YOUR INSTRUCTIONS
A word-for-word retyping of the listing below is required, with the pictures dropped.

GIVEN MATERIAL
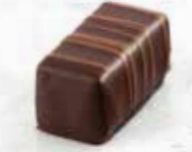
Authentique Ganache mi-amère nature Enrobage chocolat noir
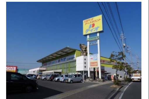
ディオ岡山西店 徒歩9分
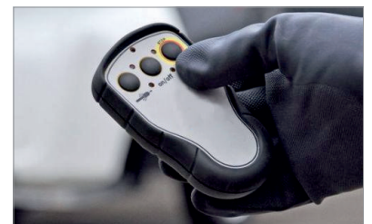
Control remoto (Opcional)

RESULT
Authentique Ganache mi-amère nature Enrobage chocolat noir
ディオ岡山西店 徒歩9分
Control remoto (Opcional)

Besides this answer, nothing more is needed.